— INSTRUCTIONS TO FOLLOW —
Restate word for word the lines in the listing below, starting at the line containing "Elegant black dress" and ending at the line containing "男篮欧洲杯决赛,德国88-8", both included; leave out the rest.

— MATERIALS PROVIDED —
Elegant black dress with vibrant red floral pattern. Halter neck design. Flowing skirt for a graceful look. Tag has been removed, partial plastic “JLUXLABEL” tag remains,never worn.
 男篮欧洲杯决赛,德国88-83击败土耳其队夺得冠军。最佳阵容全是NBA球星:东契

...

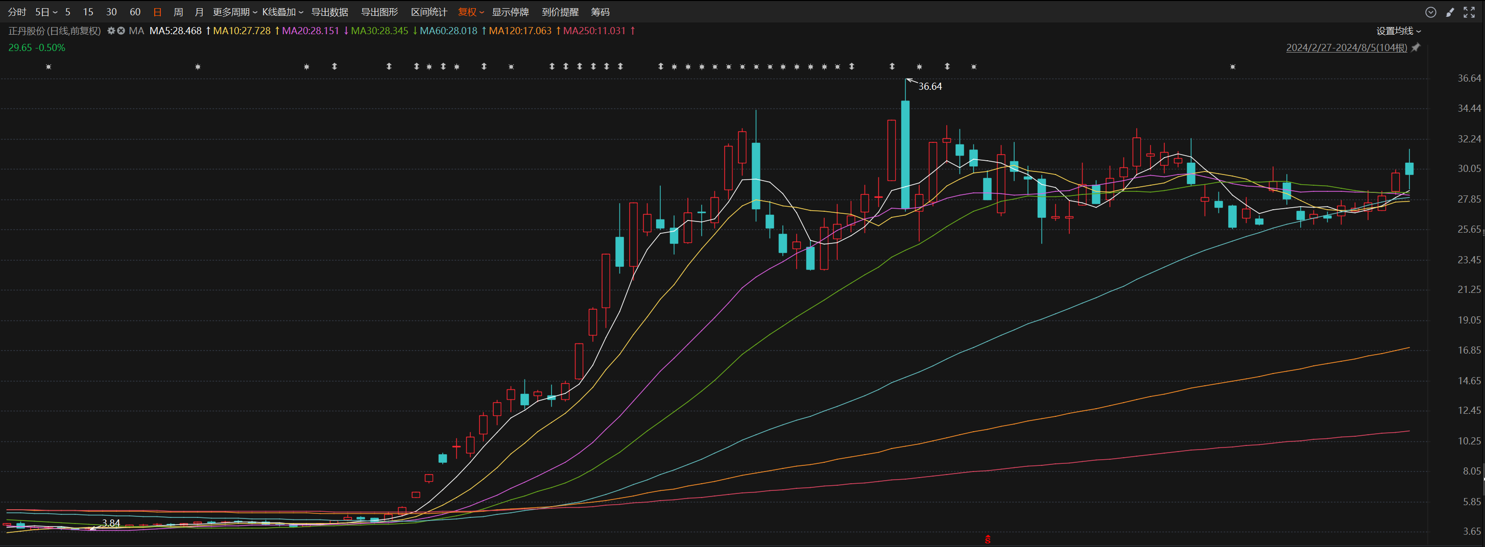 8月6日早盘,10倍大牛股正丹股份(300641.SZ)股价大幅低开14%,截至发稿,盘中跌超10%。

---

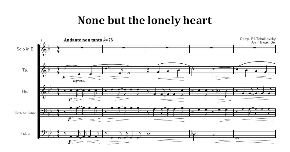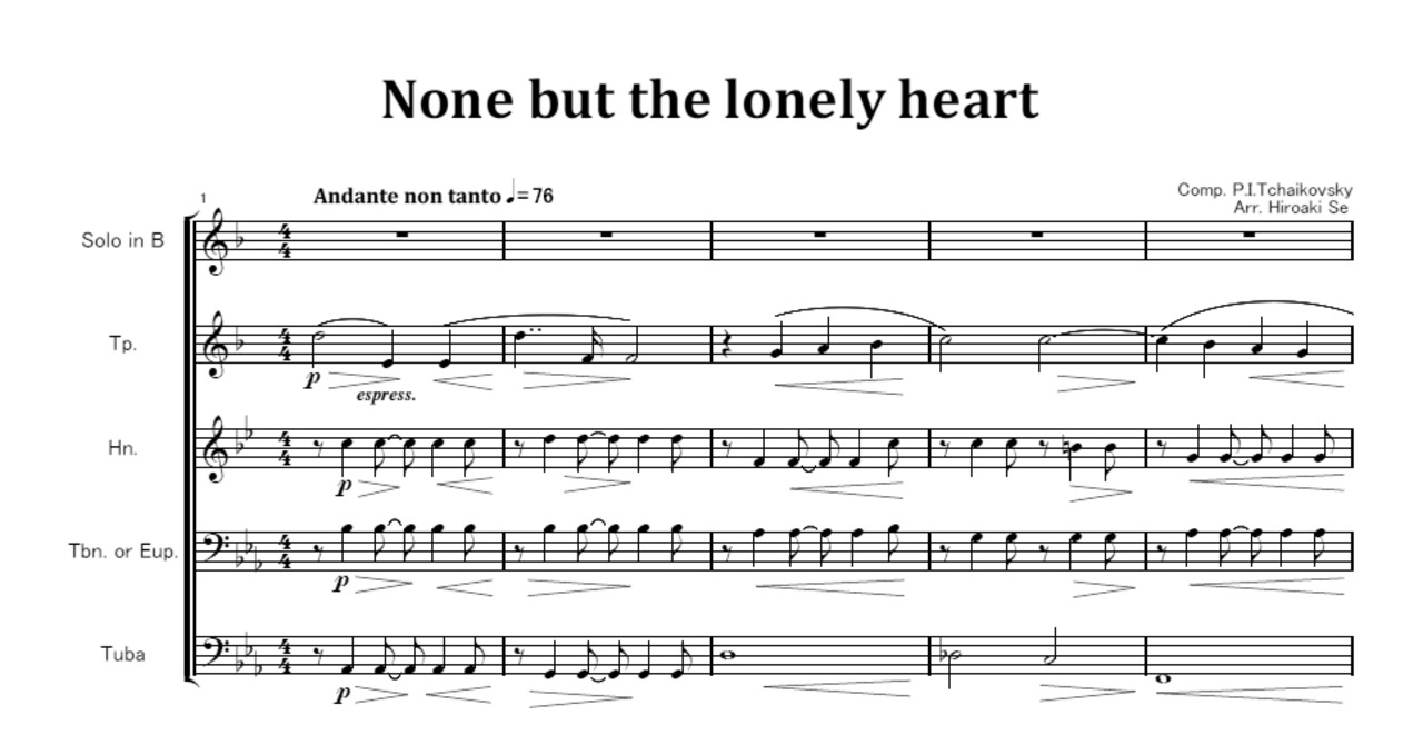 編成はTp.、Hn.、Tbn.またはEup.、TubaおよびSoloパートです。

— WRITTEN SOLUTION —
Elegant black dress with vibrant red floral pattern. Halter neck design. Flowing skirt for a graceful look. Tag has been removed, partial plastic “JLUXLABEL” tag remains,never worn.
 男篮欧洲杯决赛,德国88-83击败土耳其队夺得冠军。最佳阵容全是NBA球星:东契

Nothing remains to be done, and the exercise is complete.